# [Material for the task]
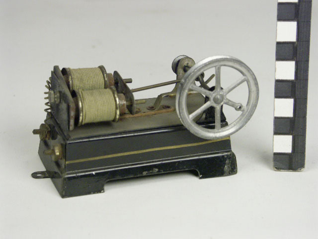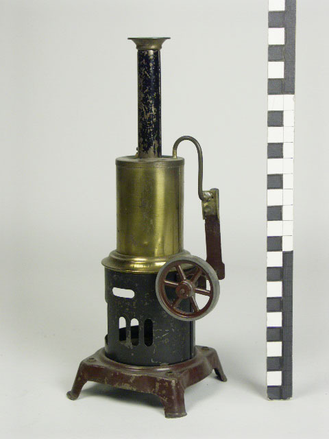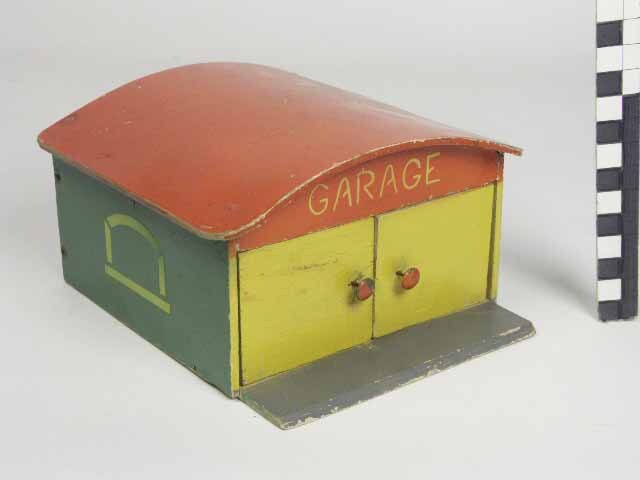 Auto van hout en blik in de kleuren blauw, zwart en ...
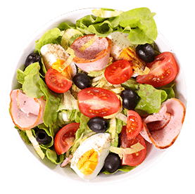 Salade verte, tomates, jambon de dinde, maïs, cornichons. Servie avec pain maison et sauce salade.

* * *

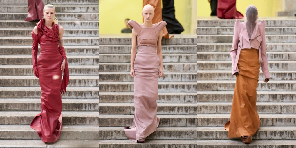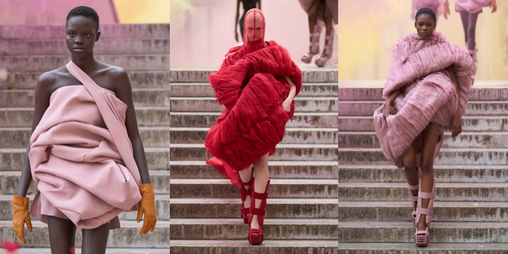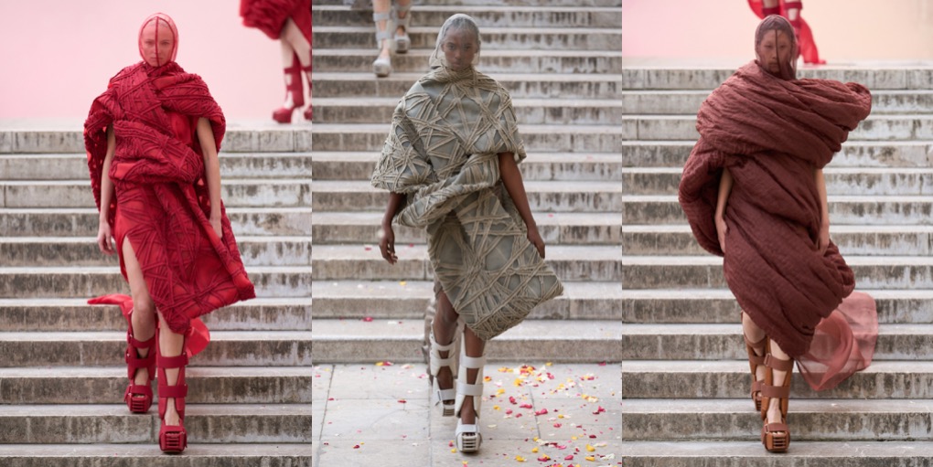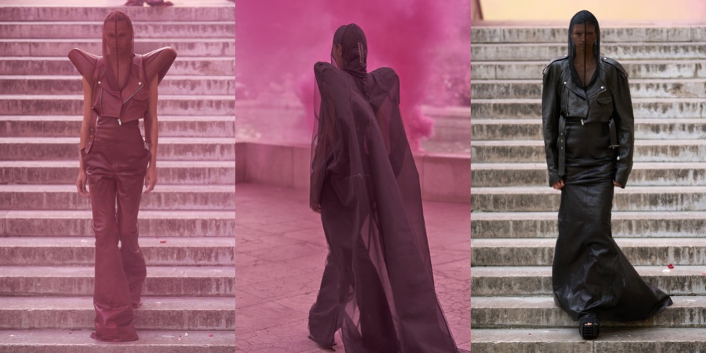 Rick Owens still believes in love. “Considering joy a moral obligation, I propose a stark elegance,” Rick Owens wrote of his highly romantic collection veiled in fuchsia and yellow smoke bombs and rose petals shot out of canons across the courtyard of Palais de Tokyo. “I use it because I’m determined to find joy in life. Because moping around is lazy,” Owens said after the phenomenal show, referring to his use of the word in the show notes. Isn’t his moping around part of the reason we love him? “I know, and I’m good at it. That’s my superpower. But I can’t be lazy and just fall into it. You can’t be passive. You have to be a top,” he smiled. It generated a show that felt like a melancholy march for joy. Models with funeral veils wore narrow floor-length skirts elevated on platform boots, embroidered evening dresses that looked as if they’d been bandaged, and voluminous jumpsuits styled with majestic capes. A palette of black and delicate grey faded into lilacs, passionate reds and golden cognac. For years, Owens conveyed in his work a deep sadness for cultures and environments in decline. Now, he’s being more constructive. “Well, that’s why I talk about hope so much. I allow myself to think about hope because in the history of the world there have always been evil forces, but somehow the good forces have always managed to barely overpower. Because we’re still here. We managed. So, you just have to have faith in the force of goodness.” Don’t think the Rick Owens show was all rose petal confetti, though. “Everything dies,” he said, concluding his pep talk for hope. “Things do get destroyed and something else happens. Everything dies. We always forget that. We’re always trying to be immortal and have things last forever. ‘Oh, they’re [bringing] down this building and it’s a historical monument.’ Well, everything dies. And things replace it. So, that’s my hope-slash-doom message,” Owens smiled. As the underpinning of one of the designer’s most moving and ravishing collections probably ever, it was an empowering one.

# [What you should do]
Would you print exactly the lines in the listing above, from the line bearing "Auto van hout" through the line bearing "Salade verte, tomates, jambon", leaving out all pictures?

# [Exercise result]
 Auto van hout en blik in de kleuren blauw, zwart en ...
 Salade verte, tomates, jambon de dinde, maïs, cornichons. Servie avec pain maison et sauce salade.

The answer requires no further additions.